Outside there were voices: she thought one of them was Christian’s. The wedding, an hour away. Less. The bloody wedding; its timetable ticked down, overriding everything. She watched Paul; she wanted out of it, the whole countdown. But he was talking almost to himself now. ‘I thought it would help you to be back. I thought … if we were going to have a future, it needed to be addressed. I thought this would be the way.’ She could hear pain in his voice as it rose. ‘I didn’t know.’
‘Morgan worked it out,’ said Alison. She held the pity she felt for him at a distance. A future. A future that wasn’t for her. ‘And she told her parents.’ He nodded mutely, watching her, his face set.
‘Was that what you had to tell me,’ she asked quietly. ‘Or was there something else?’
He raised his head slowly, and looked at her. ‘When I told you how my parents died,’ he said, ‘it wasn’t true.’ He looked down, examining his hands, clasped loose between his knees on the bed, then up again. ‘It wasn’t like that. While I was away at school they killed themselves. A pact. My mother had MS. My father had depression.’ His voice was flat. ‘He gave her an overdose of his tranquillisers, then he shot himself.’ He kept looking at her, unflinching now. ‘I suppose a shrink would say it’s why I ended up where I did. When this … this thing happened to you I thought … Christ. I don’t know what I thought. I thought … there was this connection. Together we could make things normal.’
She stayed silent: she thought of the boy in the photograph in Paul’s bedroom, standing on the clifftop with his arms folded, staring coolly at the camera. Alone. ‘You know what that’s like,’ he went on, remote. ‘There are no connections. You feel a freak, there’s no one out there who knows what you know.’ His gaze refocused. ‘Who’s seen what you’ve seen.’
And slowly, slowly, she nodded. ‘Yes,’ she said, her voice falling away, past her into emptiness. ‘What do you remember,’ she said, as though from a great distance, ‘
about that night?’
Paul let out a long, tired breath. ‘We didn’t even know, to start with. Not then. We were off early the next morning, a Sunday morning. Morgan heard it on the news, when we got back to London. Maybe even the day after.’ He was shaking his head, she saw something happening, a line appearing between his eyebrows. ‘You assume it’s all happened to someone else, you listen to the news report.’ Frowning.

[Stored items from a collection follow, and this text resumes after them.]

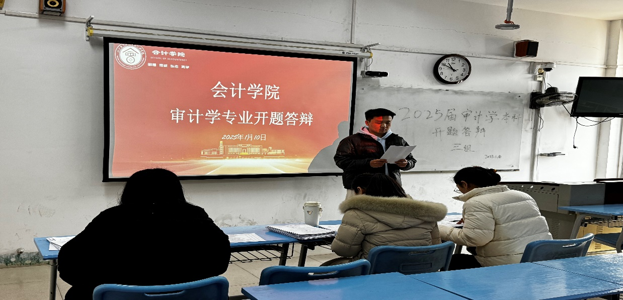 为全面提升学生培养质量,强化过程管理培养理念,2025年1月10日,审计学专业组织开展了2025届本科生毕业论文开题答辩工作。本次答辩共有218名学生参加,18位指导教师分成6组,线上线下同步进行。开题答辩严格按照毕业论文相关程序进行,同学们围绕研究背景、研究思路、研究方法、研究内容、研究进度安排等方面进行全面阐述,答辩组老师从选题的可行性、研究思路的科学性、研究意义和研究方法的可操作性、开题报告的规范化等内容进行了深入的分析和指导,同时针对存在的问题提出了具体建议,为同学们进一步完善开题报告提供了宝贵的参考意见。通过本次毕业论文开题答辩,进一步促进了审计学专业毕业论文管理的规范性,促进了学生对毕业论文的认识和重视,达到了预期效果,为后续论文工作的开展提供了重要前期基础。
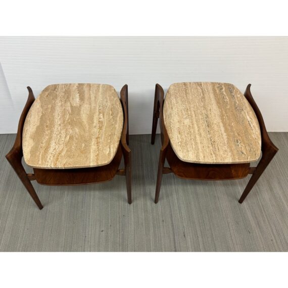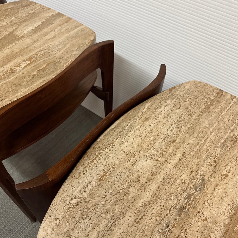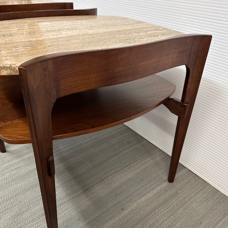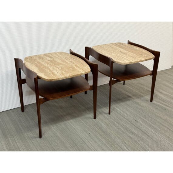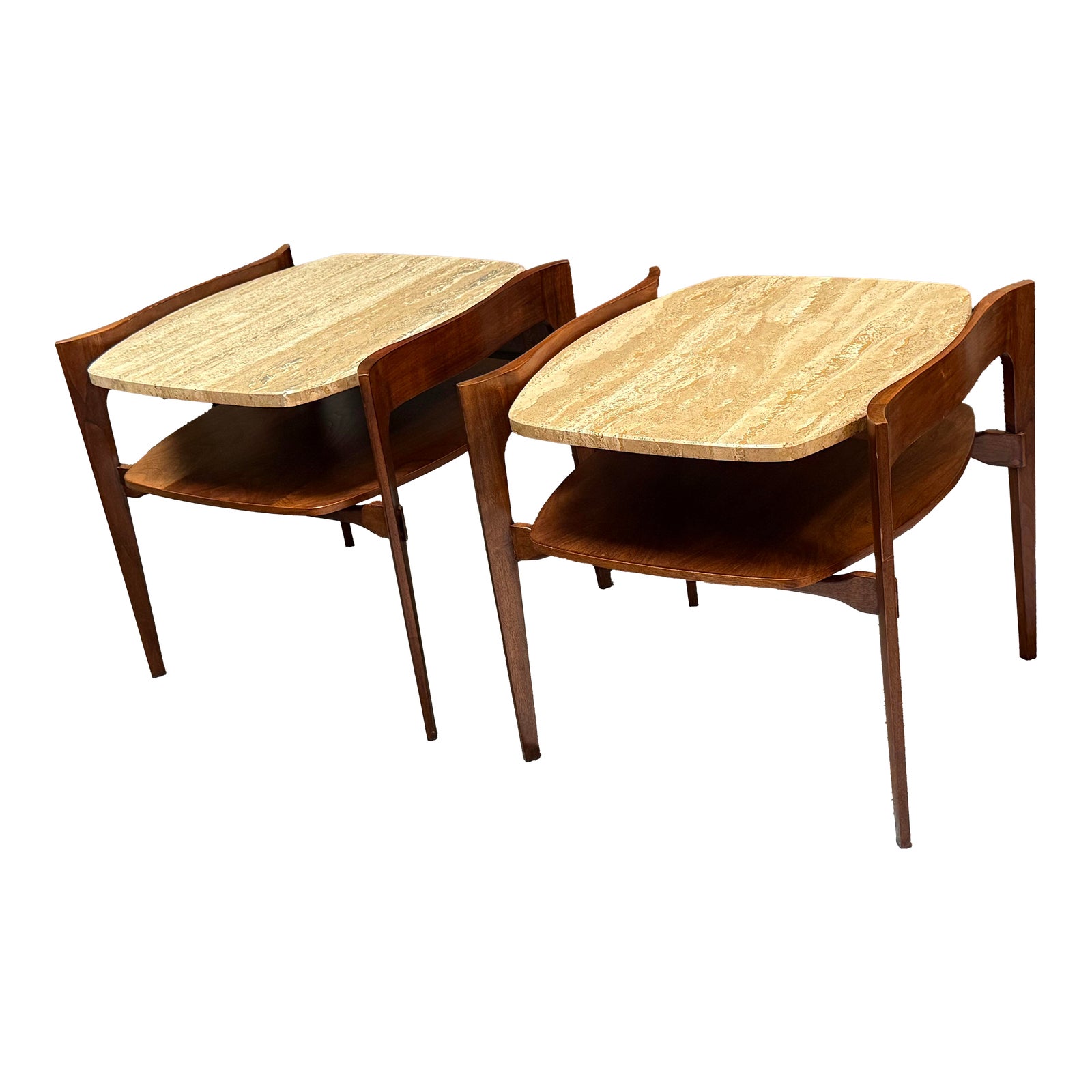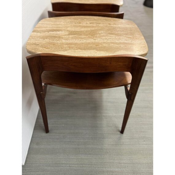 Design Plus Gallery represents walnut + travertine end tables by Bertha Schaefer.
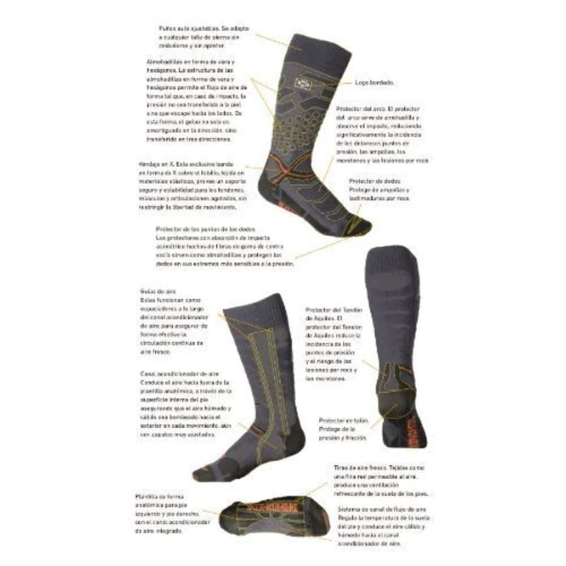 Medias con tecnologia de proteccion reforzada para incrementar al maximo el rendimiento del usuario y ofrecer ultra proteccion a los musculos del pie. Realizadas con tejidos inteligentes, fibras especiales, sectores de almohadillas y canales de aire entre otras caracteristicas.
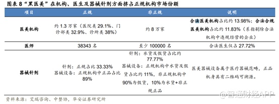 艾瑞咨询数据显示,2019年中国具备医美资质的机构约1.3万家,同时超过8万家生活美业店铺非法开展医美项目;行业医生缺口巨大,合法医生仅占27.72%;器械药品方面,针剂的水货及假货问题严重,器械假货现场普遍,非法医美机构中90%以上医美设备都是假货。
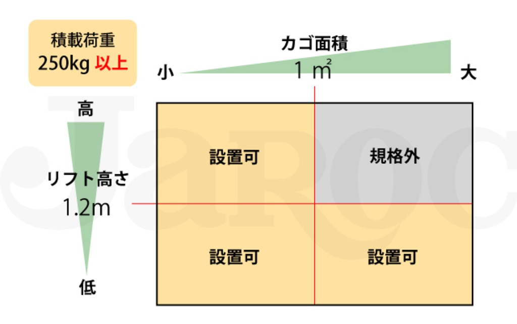 労働安全衛生法で定められている昇降機の条件の範囲内であれば、昇降する荷物の寸法、重量、昇降高さによって自由に設計が可能です。
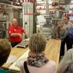 Max Lehnert, der sich im Namen der Gruppe für die freundliche und nette Aufnahme und die interessanten Informationen bedankte, zeichnete Charly Grote zur Erinnerung an den Besuch mit einer „Rote Socke“ aus.
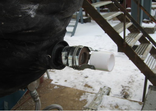 ③煙囪放空管線安裝位置不合理。蒸汽發(fā)生器煙囪放空管線安裝在離底部約1m處,燃燒產(chǎn)生的水無法及時排出,導(dǎo)致煙囪積水凍裂。如圖7所示。
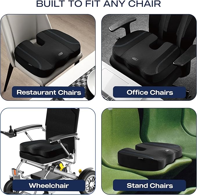 Skechers Seat Cushion, Air Cooled Memory Foam Cushion for Office Chair,Ergonomic Office Desk Accessories for Tailbone Pain Relief,Chair Cushions for Long Sitting Office Workers,Car Drivers,Black
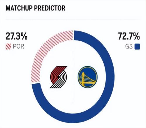 兩隊(duì)本賽季已經(jīng)交手三次,開拓者三戰(zhàn)全部取勝,他們的“超級大個子陣容”顯然非常克制勇士。賽前,美媒ESPN對本場比賽進(jìn)行了勝率預(yù)測,開拓者的勝率僅有27.3%,劣勢明顯,勇士隊(duì)的勝率則高達(dá)72.7%。
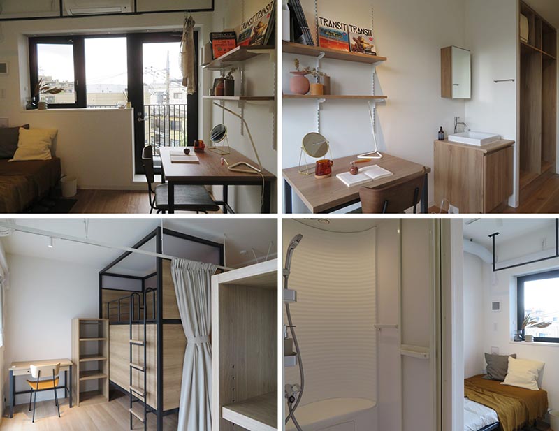 住戸は4~5階を除き、水回り共用の間取りとなっており、一人部屋で約9.8m2がメイン。全体として非常にコンパクトに作られており、バス・トイレ付きの一人部屋でも約13.0~14.7m2、4人部屋などの場合(新型コロナウイルスに配慮、当面は一人部屋のみ稼働予定。2人部屋、8人部屋もある)には2段ベッドの1段分とその前に置かれたデスクひとつが自分の空間ということになる。自室に籠るのではなく、他人と暮らす場と考えれば自室はコンパクトでよいということなのだろう。
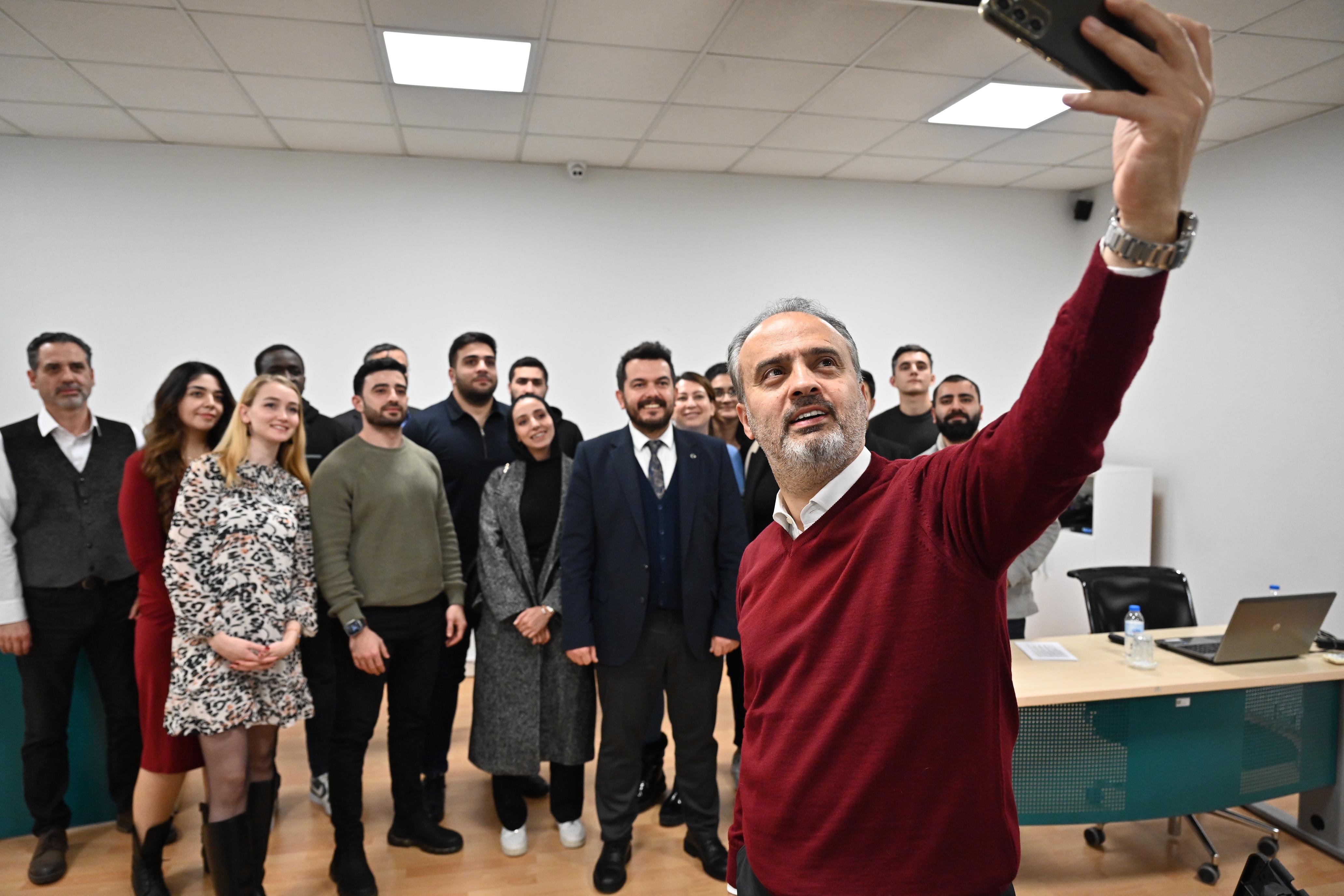 BURULAŞ yetkililerinin ulaşıma dair sunumları sonrasında gençlerle sohbet eden Başkan Aktaş, tecrübelerini paylaştığı bu organizasyon için moderatör Doç. Dr. Yüksel Okşak’a teşekkür etti.
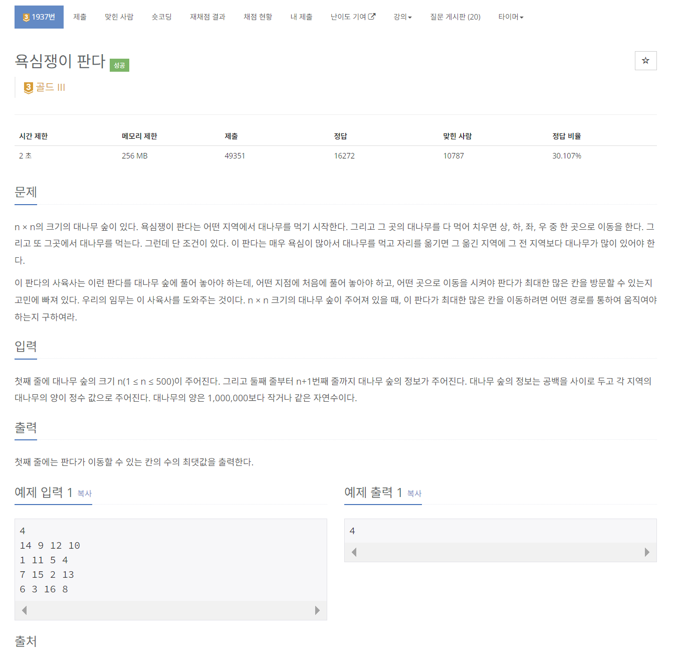dfs bfs로 풀면 유다희.. dp로 풀어야 하는 문제이다.
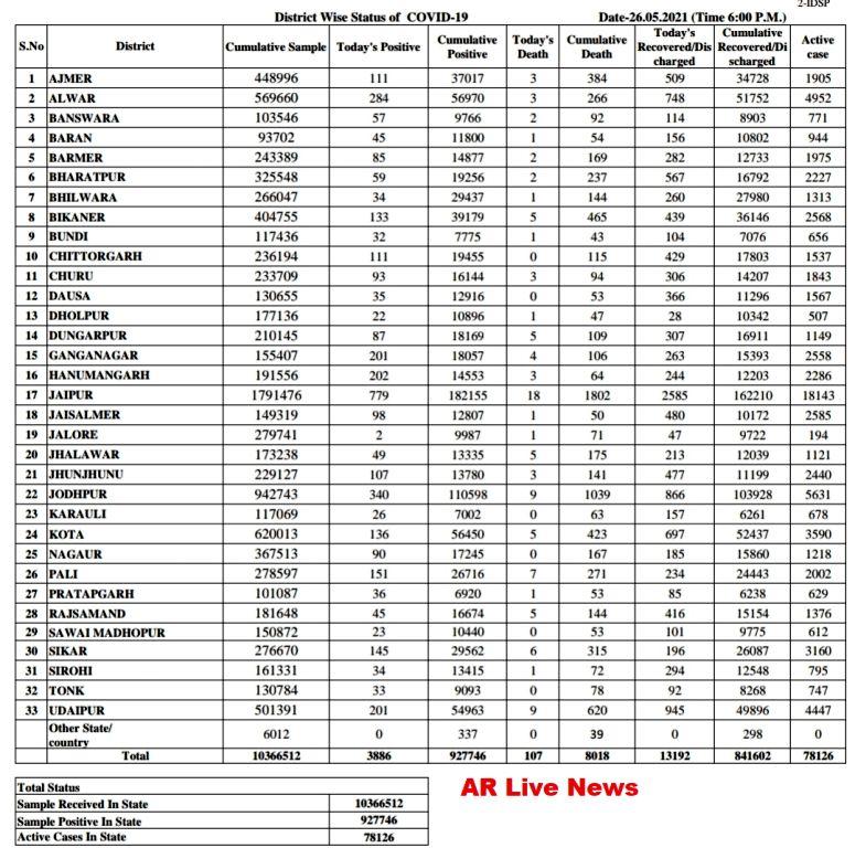 राजस्थान में आज 107 संक्रमितों की मौत हुई है, इसमें सर्वाधिक जयपुर में 18, उदयपुर में 9, जोधपुर में 9 और पाली में 7 संक्रमितों ने दम तोड़ दिया। आज आए संक्रमितों में सर्वाधिक जयपुर में 779, जोधपुर में 340, अलवर में 284, हनुमानगढ़ में 202, श्रीगंगानगर में 201, उदयपुर में 201 संक्रमितों की पुष्टि हुई है।
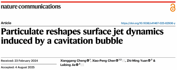 “水下仿生与流动控制”团队陈效鹏教授与思克莱德大学贾来兵博士以及元志明博士合作,在《Nature Communications》发表了题为“Particulate reshapes surface jet dynamics induced by a cavitation bubble”的研究论文。SM视频
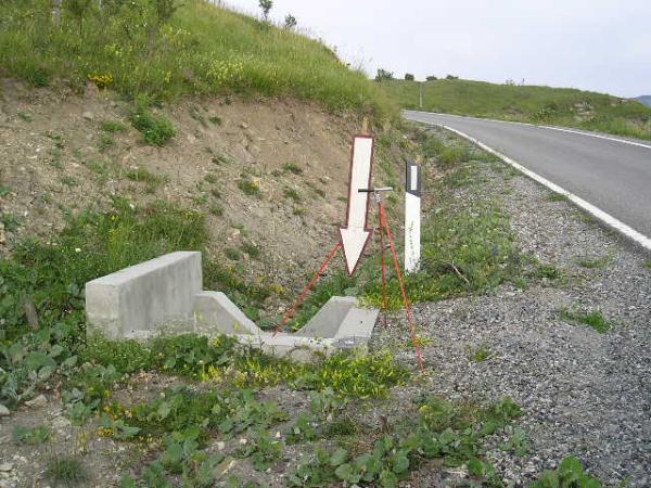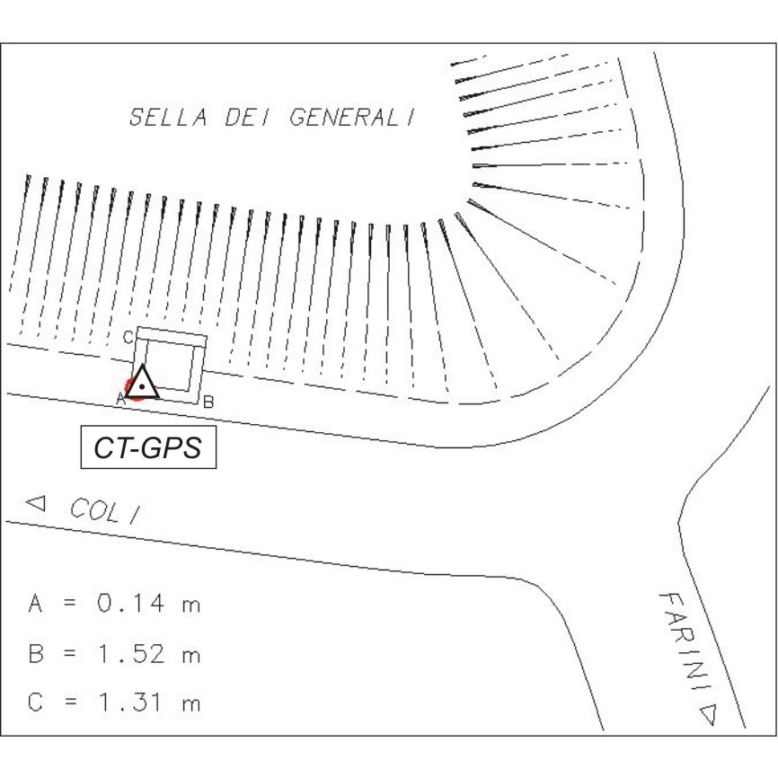 | materializzazione | Centrino metallico infisso sullo spigolo sud ovest di un grosso sifone situato presso il bordo nord della S.P. 57, in località "Sella dei Generali". |

‘What?’ she said, and she couldn’t stop herself, her hand was on him, shaking him. ‘What is it? What is it now? You remember something? Did you see anyone that evening? Were you out in the village, you and Morgan?’
‘We had been out,’ Paul said slowly, and he took her hand in his warm one, his fingers laced between hers. She thought of him holding her down, making her shout out. All that urgency was gone: he seemed quite blank with exhaustion.
Then he came back to life. ‘It could be nothing,’ he said, hesitating. ‘It was so long ago.’ He pulled, a little, she was closer to him. He put his free hand to her cheek and as she watched something came back to life in his face. ‘It’s funny,’ he said slowly, and his eyes settled on her. ‘It must be like this for you too. Isn’t it? You remember things. That didn’t make sense at the time.’ His gaze was inward, he nodded to himself.
‘Like what things?’
Paul drew away, put his hands through his hair.
‘I thought…’ she hesitated. ‘I thought it might be the Watts boys,’ she said and he stopped, looked at her.
‘Who?’ he said, blank.
‘The Watts brothers. At the boatyard. Their brother died.’ She stopped.
She couldn’t say it out loud. Mum killed him. My mother hit him with our car and killed him and drove off.
‘I don’t know who you mean,’ he said, not a flicker of recognition in his face. Beginning to shake his head. So whoever Paul suspected, it wasn’t them. Something like relief bubbled up under her ribs but she told herself to distrust it. Too soon.